Reproduction is said to be synchronised when fertile matings across a population are temporarily clustered, resulting in multiple conceptions (and consequent births) within a restricted time window. In marine and other aquatic contexts, the phenomenon may be referred to as mass spawning. Mass spawning has been observed and recorded in a large number of phyla, including in coral communities within the Great Barrier Reef.

In primates, reproductive synchrony usually takes the form of conception and birth seasonality. The regulatory "clock", in this case, is the sun's position in relation to the tilt of the earth. In nocturnal or partly nocturnal primates—for example, owl monkeys—the periodicity of the moon may also come into play. Synchrony in general is for primates an important variable determining the extent of "paternity skew"—defined as the extent to which fertile matings can be monopolised by a fraction of the population of males. The greater the precision of female reproductive synchrony—the greater the number of ovulating females who must be guarded simultaneously—the harder it is for any dominant male to succeed in monopolising a harem all to himself. This is simply because, by attending to any one fertile female, the male unavoidably leaves the others at liberty to mate with his rivals. The outcome is to distribute paternity more widely across the total male population, reducing paternity skew (figures a, b).

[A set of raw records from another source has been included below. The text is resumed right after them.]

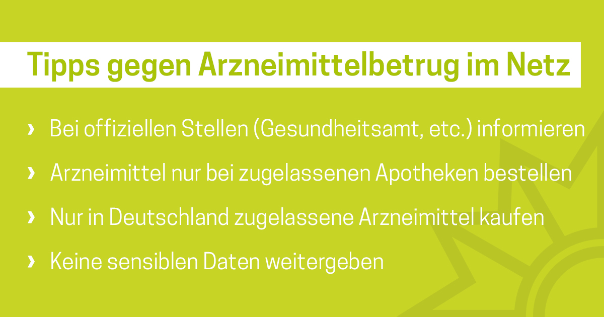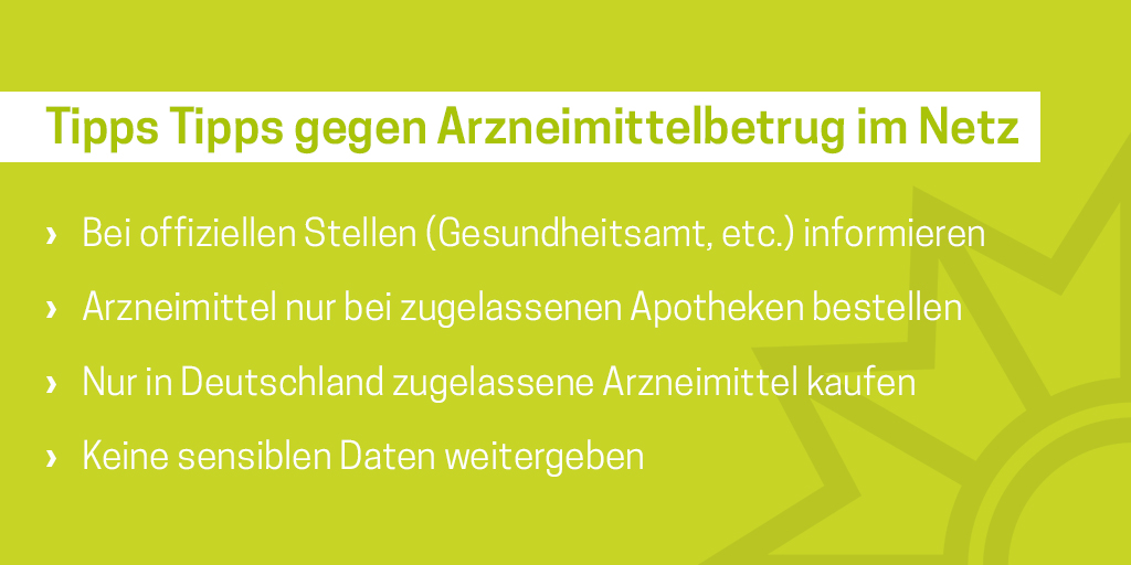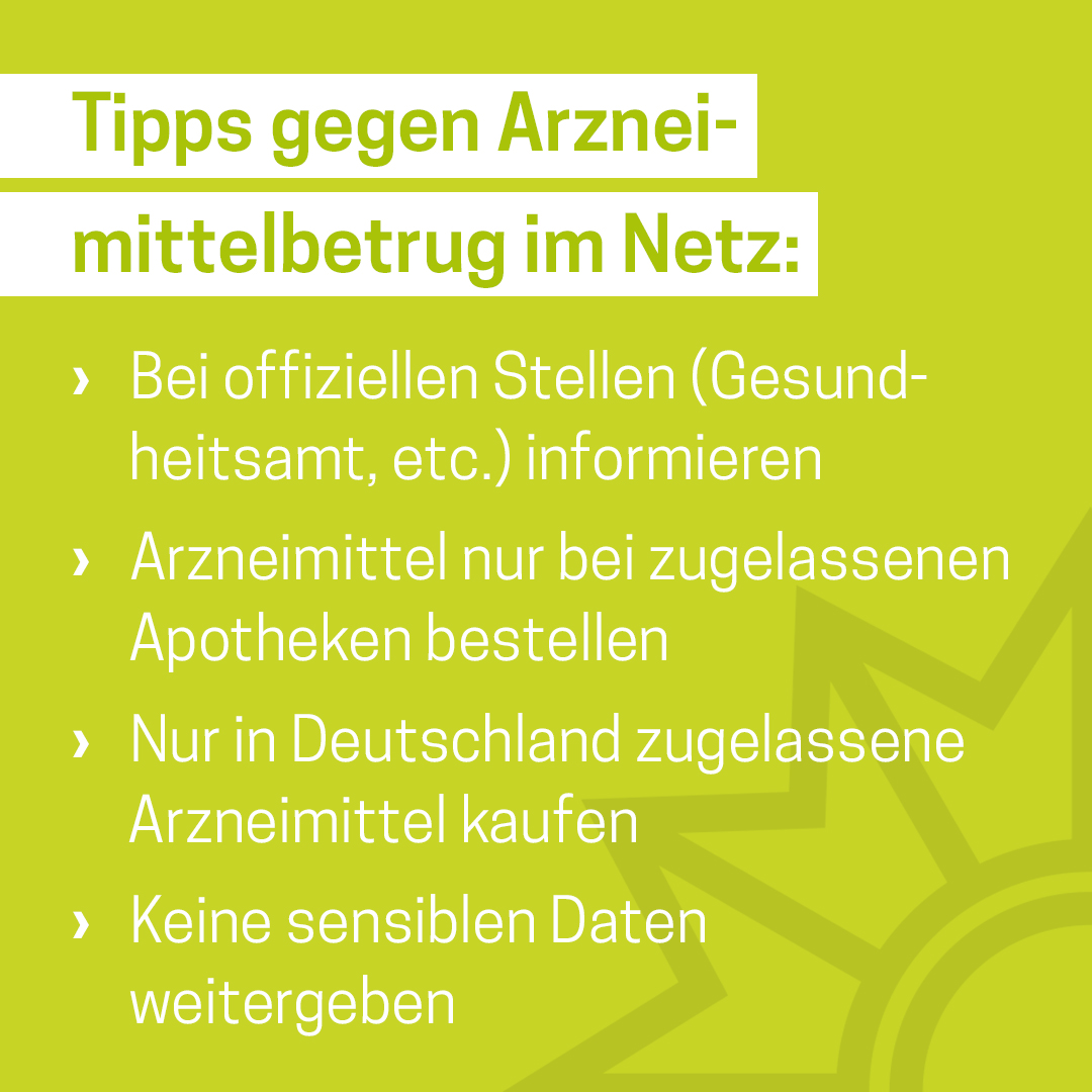 Das Medienpaket „Tipps gegen Arzneimittelbetrug im Netz“ ist eine thematische Zusammenstellung aus Bild- und/ oder Textpostings für die Social Media Kanäle Facebook, Instagram und X. Wir stellen Ihnen die Beiträge zur freien Verfügung bereit. Nutzen Sie diese selbst oder leiten Sie die Postings an Ihre zuständige Social Media Stelle weiter. Wie und ob Sie die Beiträge veröffentlichen, können Sie individuell entscheiden. Texte und Hashtags können Sie frei nutzen und für Ihre Anforderungen anpassen.
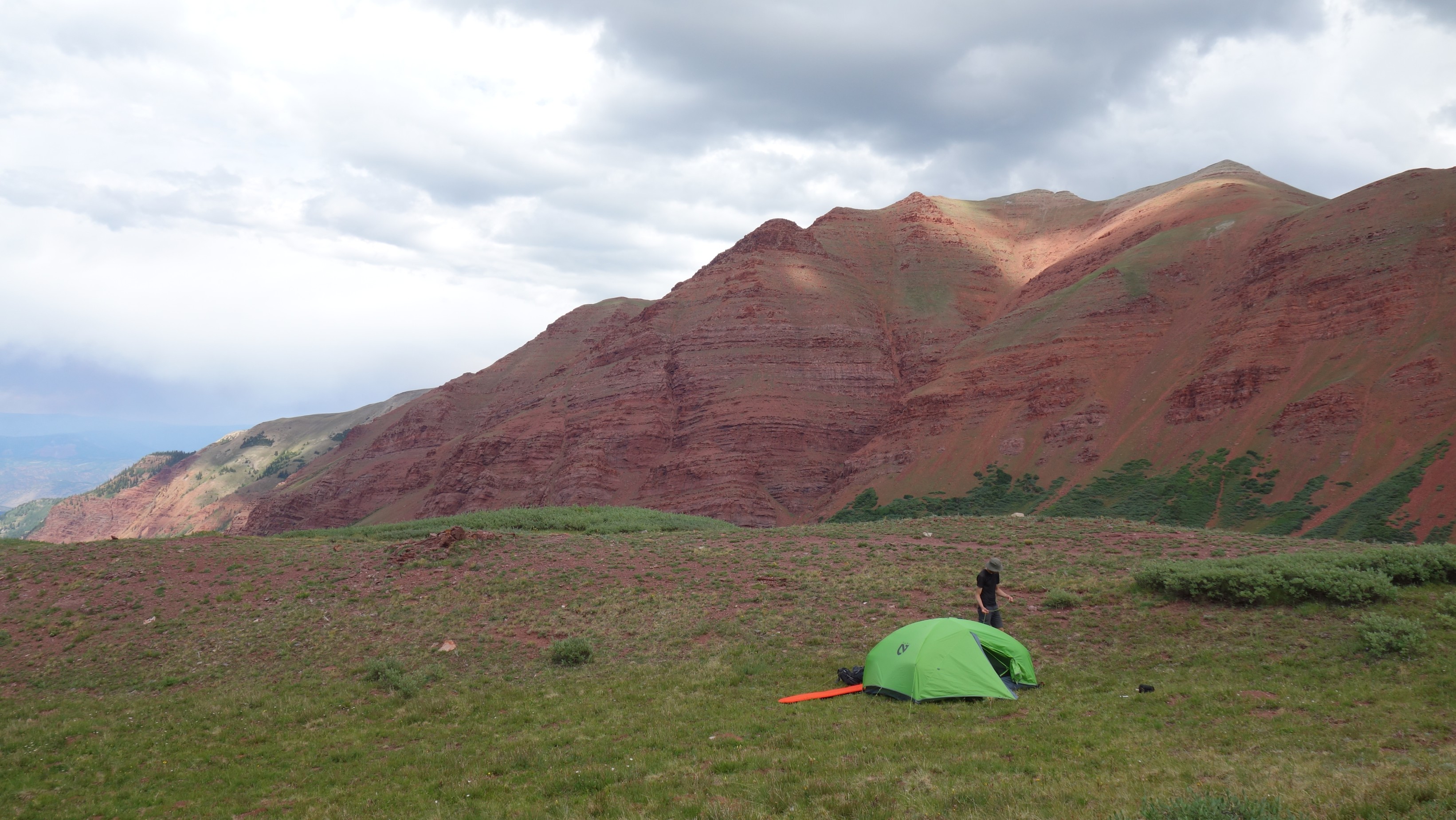 Vanaf de bergpas, starten we aan een lange traverse van de flank om onze tent nabij een naamloos meertje op te slaan. Als de avondzon, na een erg kletterend onweer, de schijnwerpers zet op de rode bergen rondom, is het genieten.
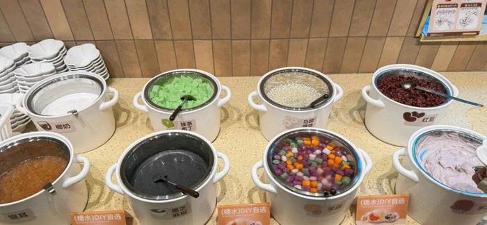 之后是类似优优烤板栗、高山烤蜜薯、潮汕甜汤、半熟芝士等流行甜点和小吃的设置,也能增加产品的丰富度。以潮汕甜汤为例,总共有椰奶、抹茶布丁、芋泥8个品种,顾客可自行DIY。
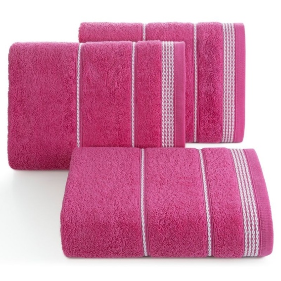Miękki, klasyczny ręcznik kąpielowy z chłonnej tkaniny bawełnianej frotte zdobiony subtelną, elegancką bordiurą. Jednokolorowy ręcznik nie farbuje. szerokość: 50 cm, długość: 90 cm, kolor: amarantowy, Gramatura: 500 GSM, Skład: 100%bawełna: 60%bawełna 40%poliester
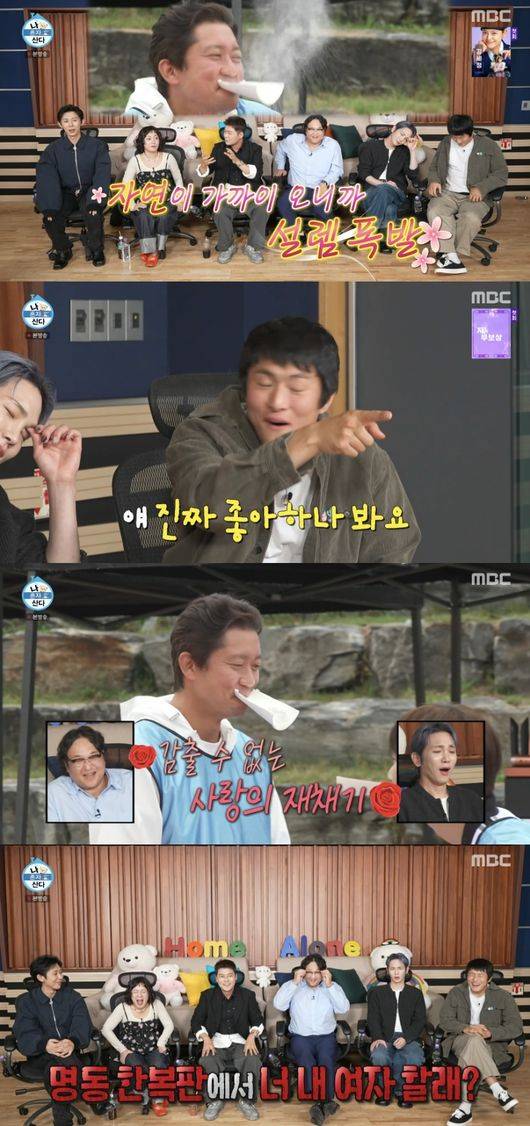 그때 옥자연에게 밀가루를 받은 김대호는 홀로 웃음을 참지 못했고, 기안84는 "얘 진짜 좋아하나봐"라고 놀랐다.
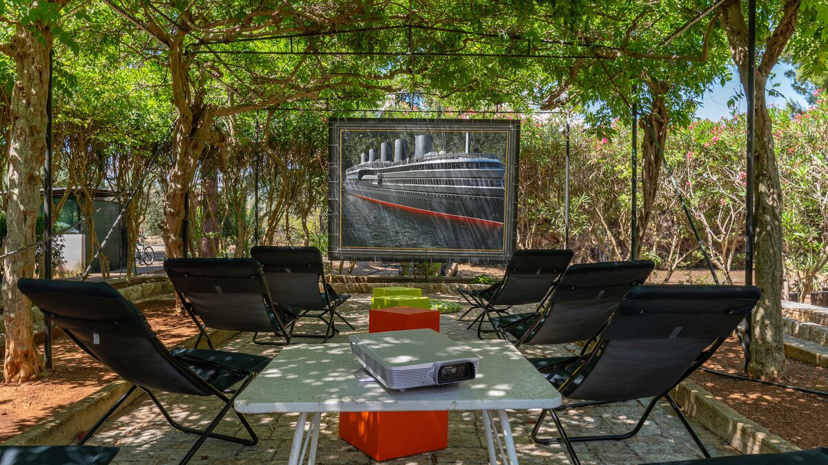 Das Open-Air-Kino kann auf Wunsch unter einer Pergola im Freien aufgestellt werden – einem Projektor und einer Leinwand und 12 Liegestühlen mit Fußstütze und Sitzsäcken.
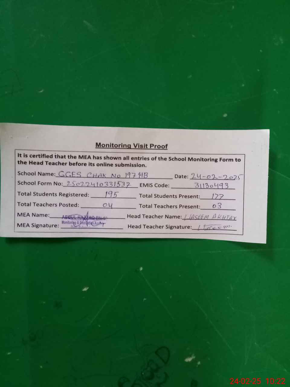| EMIS Code: 31130493 | Name of School: GGES CHAK NO. 197/HB | |||
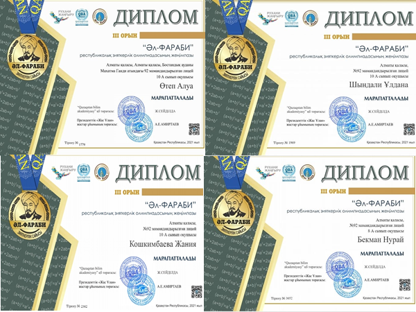 10 "А" сынып оқушылары Өтеп Алуа, Шындали Ұлдана, Кошкимбаева Жания "Әл-Фараби" республикалық зияткерлік олимпиадасынан жүлделі ІІІ орынға ие болды.

Reproductive synchrony can never be perfect. On the other hand, theoretical models predict that group-living species will tend to synchronise wherever females can benefit by maximising the number of males offered chances of paternity, minimising reproductive skew. For example, the cichlid fish V. moorii spawns in the days leading up to each full moon (lunar synchrony), and broods often exhibit multiple paternity. The same models predict that female primates, including evolving humans, will tend to synchronise wherever fitness benefits can be gained by securing access to multiple males. Conversely, group-living females who need to restrict paternity to a single dominant harem-holder should assist him by avoiding synchrony.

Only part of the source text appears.